The Crowning with Thorns was the subject of two paintings by the Italian master Caravaggio. The first version, dated to around 1604–1605, is now in the Cassa di Risparmi e Depositi of Palazzo degli Alberti, Prato (Tuscany). The attribution to Caravaggio is disputed.
On June 25, 1605, Caravaggio wrote out, in his own hand, a contract to paint "a picture of the same size and value as the one I have already done for him of Christ's crowning", which restricts the Crowning to a period prior to this date. There is no firm evidence for a more precise dating, but the figure of Christ has been clearly influenced by the Christ in Rubens' altarpiece of The Crowning with Thorns in the Church of Santa Croce in Gerusalemme, Rome, completed in April 1602. The recipient of both the Crowning with Thorns and the Ecce Homo — the painting to which the contract relates — was Massimo Massimi, a wealthy financier and art collector in the circle of Caravaggio's patron, marquis Vincenzo Giustiniani.
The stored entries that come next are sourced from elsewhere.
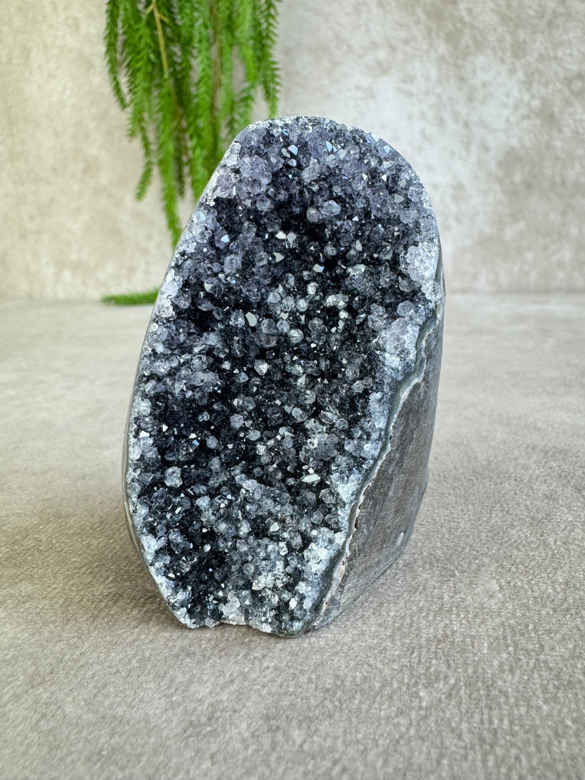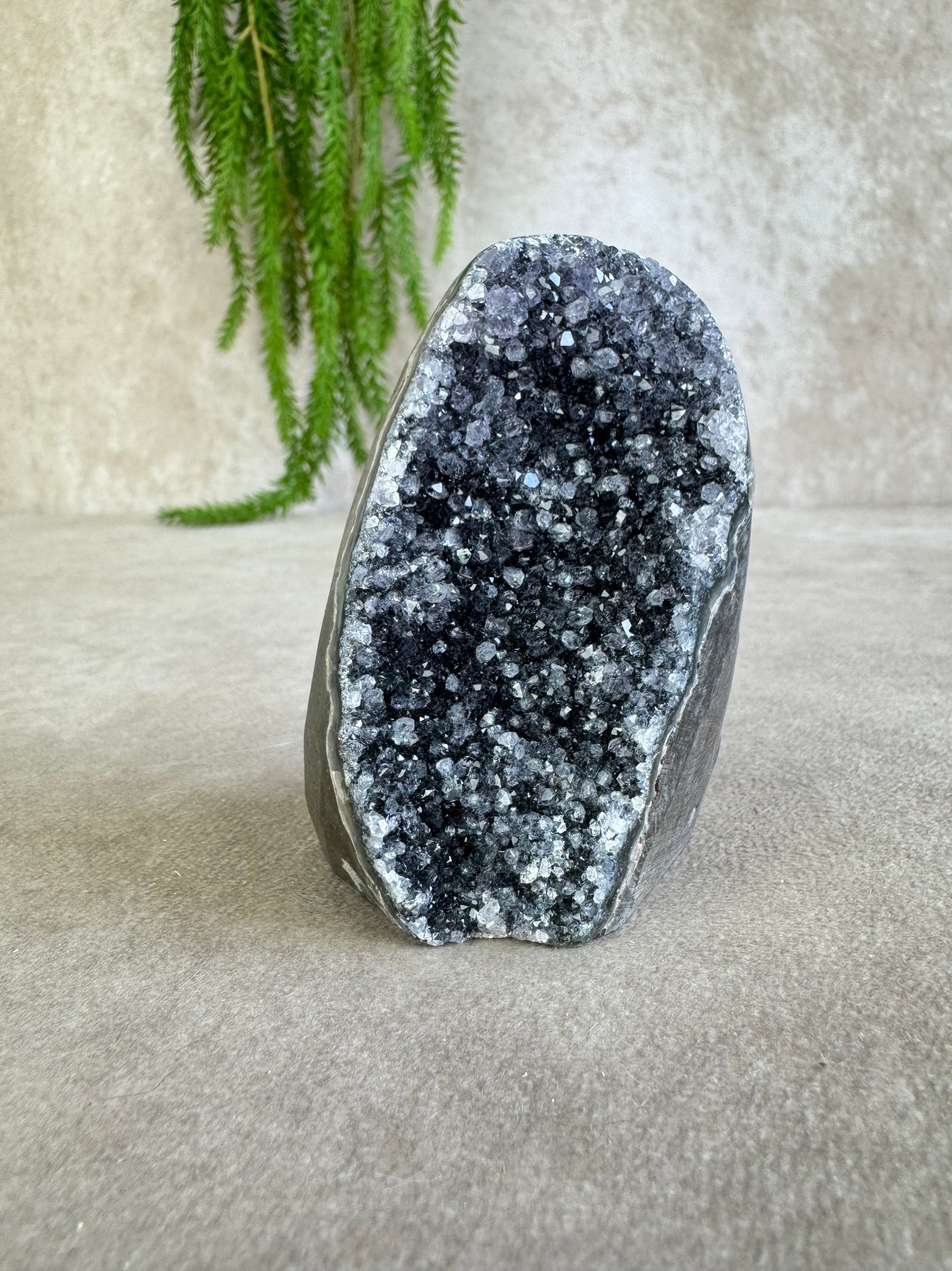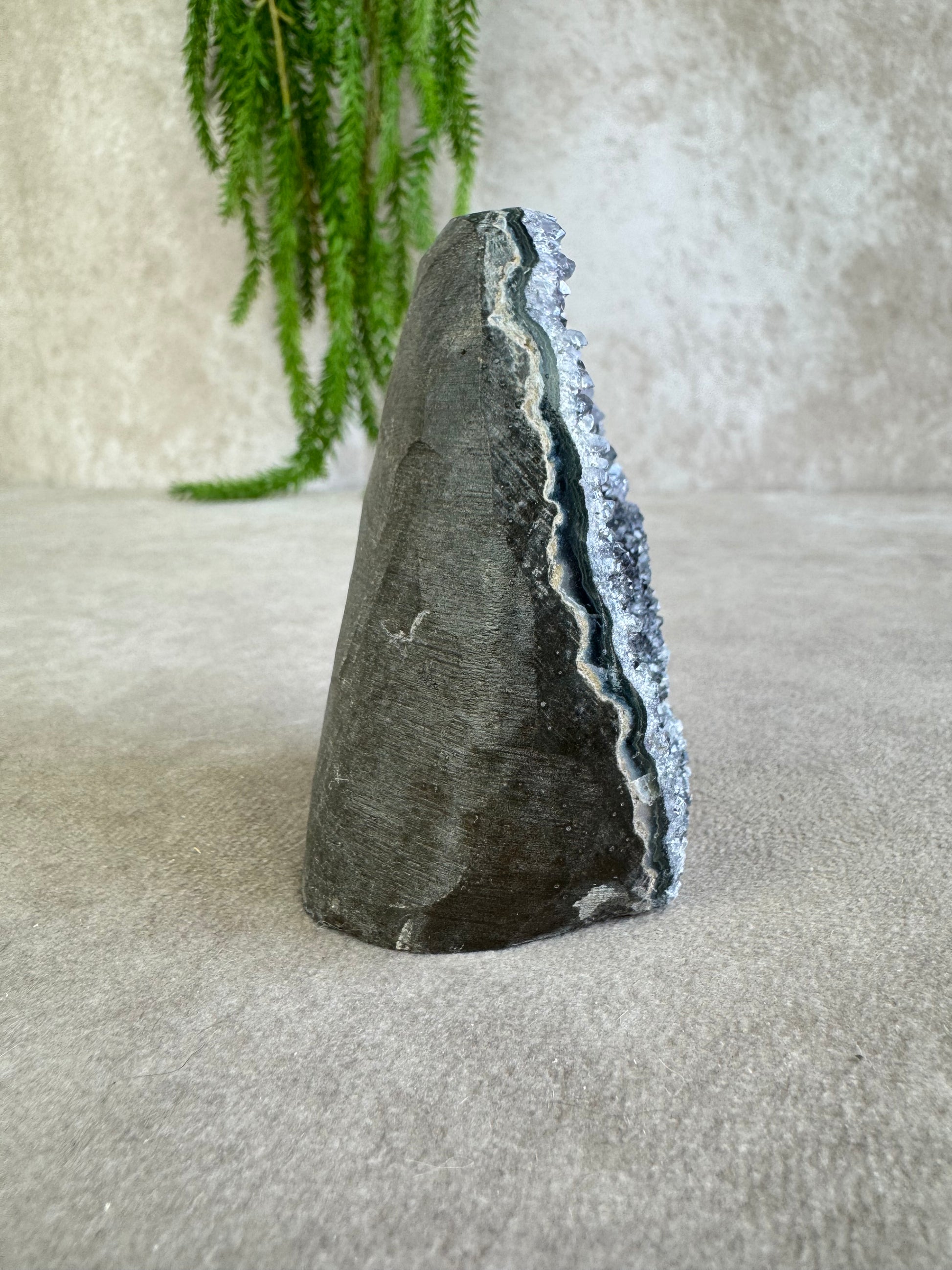 De glinsteringen die tussen de kristallen verschijnen wanneer het licht erop valt, geven dit stuk een extra magische uitstraling. Amethist staat bekend om zijn kalmerende en zuiverende werking, ideaal voor ontspanning en een harmonieuze sfeer.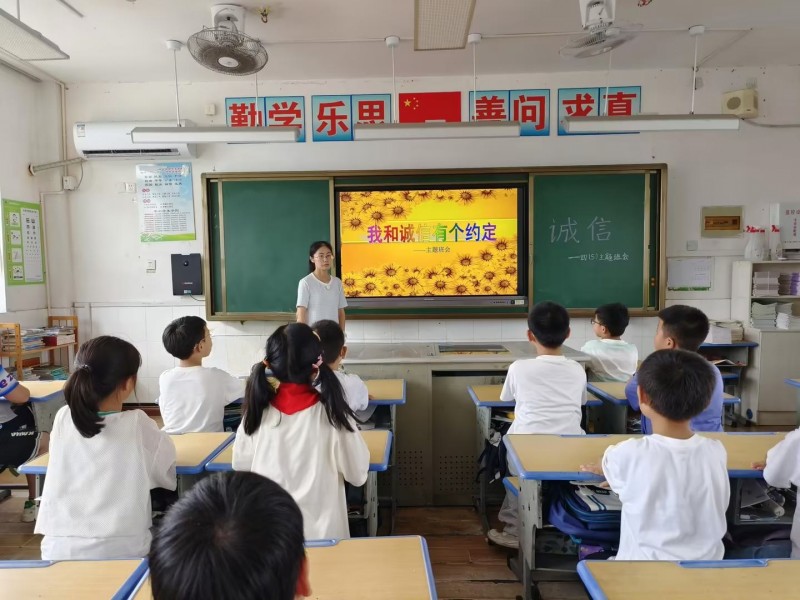 除了静态的书画展览,动态的体验活动同样精彩。全校各班举行了“诚信”主题班会。班会上,老师们通过案例分析、情景剧表演、诚信小故事讲述等方式,深入浅出地解析了诚信的重要性。班会的高潮是“诚信小承诺”仪式,全体学生庄重地许下属于自己的诚信诺言,并纷纷表示将互相监督,共同践行,让承诺化为实际行动。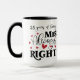 This cute and funny mug is a great gift for the wife celebrating her 25th Anniversary. It reads "25 years of being Mrs Always Right" in a combination of black serif and script fonts, accented by whimsical red hearts. The number of years may be customized if you are giving this mug for a different anniversary year.
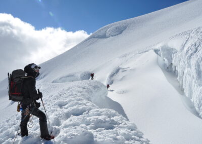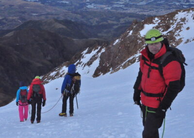 The normal route became a challenge and requires some expertise and skills on ice techniques. Its steepness is more continuous but offers a direct uphill line to the top after El Castillo area, now days this route is installed a Via Ferrata. In addition, rock falls are often reported depending on prevalent conditions, giving Chimborazo the reputation of currently being an adventurous climb. Actually, choosing the best route will depend on your guide’s criteria and experience, Sierra Nevada Expeditions guarantee you Certified ASEGUIM UIAGM guides.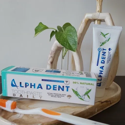 انتخاب خمیردندان مناسب بخشی اساسی از روتین بهداشت دهان و دندان است. خمیردندان آلفادنت مدل شاینا، با ترکیبات گیاهی، اثرات ضد پوسیدگی، ضد پلاک و جرم و قدرت سفید کنندگی طبیعی، محصولی است که می‌تواند نیازهای روزانه شما را پاسخ دهد. این خمیردندان که ساخت ایران است  و دارای استانداردهای بین‌المللی است، به شما کمک می‌کند لبخندی سالم‌تر و ماندگارتر داشته باشید.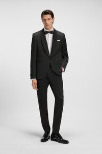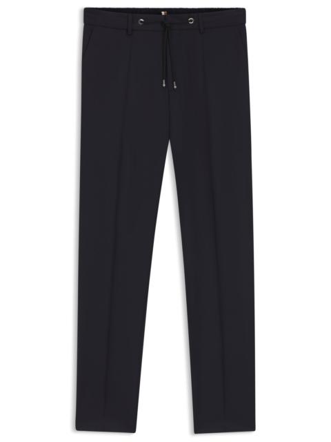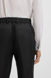 SIZE AND FIT The model wears a size 32R and is 6'1" tall with a, 33" chest, 26" waist and 33" hips. DETAILS H-Genius-DS-B1 - 50469169 Formal trousers by BOSS Menswear, designed for ultimate comfort. Topped with a drawcord featuring signature-stripe tips, these modern trousers are woven in virgin wool with a serge technique for refined style. For our RESPONSIBLE products, we always use at least 60% more sustainable raw materials. This garment is made from at least 60% responsible and certified wool. At HUGO BOSS, responsible wool means it meets the standards of the Five Freedoms of animal welfare. Slim fit Drawstring Crease Pockets bottom front: French pocket Pockets bottom back: Jetted pockets QUALITY & CARE INSTRUCTIONS Reduced Dry Clean Do Not Bleach Do Not Tumble Dry Iron Medium Heat Do Not Wash Quality: 100% Virgin wool, pocketing: 65% Polyester, 35% Cotton, knee lining: 100% Viscose

The actual date is disputed — John Gash places it in 1601–1603.
Stylistically the painting is based on Rubens's altarpiece for the pose of Christ and on Titian's treatment of the same subject (now in the Louvre) for the soldier with the staff behind Christ. But Caravaggio has reverted to the compact, symmetrical approach employed by 15th-century artists, visible in, for example, the work of Hieronymous Bosch in Christ Mocked. The gestures which define the situation are restrained and understated—the almost imperceptible actions of the tormentors focus attention on Christ, who looks up, his bound hands slightly raised almost in forgiveness.